Low-oxygen problems in Hood Canal chokes off most fishing

Hood Canal is expected to be closed to all fishing, except for salmon, until further notice.

The move comes as dissolved oxygen levels in the southern end of Hood Canal reach record lows.

Plants and fish that live in scenic waterway’s depths are being strangled. Low-oxygen levels have been blamed for major fish kills in Hood Canal the past two years.

This Saturday, the state Department of Fish and Wildlife Commission will consider new fishing regulations to permanently close Hood Canal to sport and non-tribal commercial fishing for all bottomfish, smelt, herring, anchovy, squid, octopus and sea cucumbers.

The closure would not affect salmon fishing or the harvesting of shrimp, crab, oysters or clams.

Salmon tend to stay near the surface, and shellfish don’t seem to be as susceptible to low-oxygen conditions.

Stressed sea life like rockfish, which normally live at deep depths, have been found swimming close to the surface, according to research performed by the state Puget Sound Action Team.

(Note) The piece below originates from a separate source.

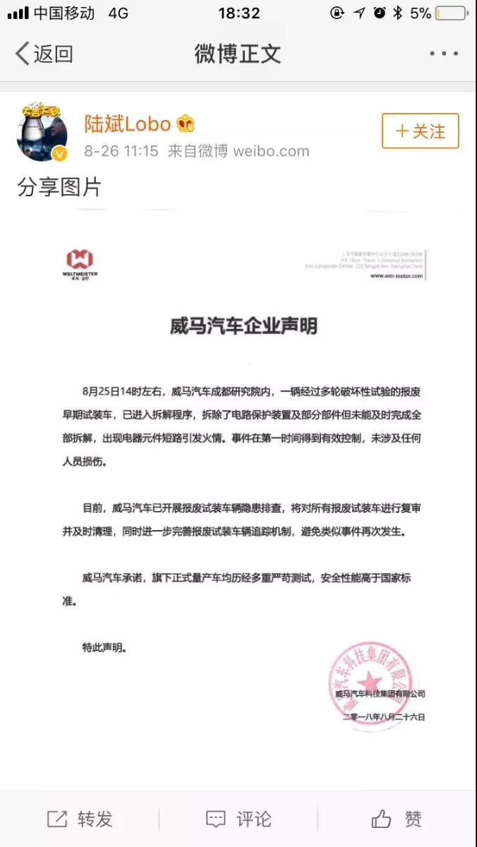 這一點從其聯(lián)合創(chuàng)始人陸斌個人微博“公示”發(fā)布的時間點可以看出,從事發(fā)時間(前一天的下午14點)到公示時間(第二天早晨11點),僅在24小時內(nèi)。這期間,威馬還要報警、處理現(xiàn)場以及對原因進(jìn)行調(diào)查。很明顯,調(diào)查結(jié)果一出,威馬就立即對公眾進(jìn)行了說明和交代。

For the past two years, Fish and Wildlife has enacted emergency closures for fisheries in Hood Canal.

“The severity of these events and the continued use of emergency regulations to address a longer-term issue is an approach that is inappropriate,” said Morris Barker, state marine resource manager.

“Permanent rules are the approach to deal with the long term issue” until conditions change.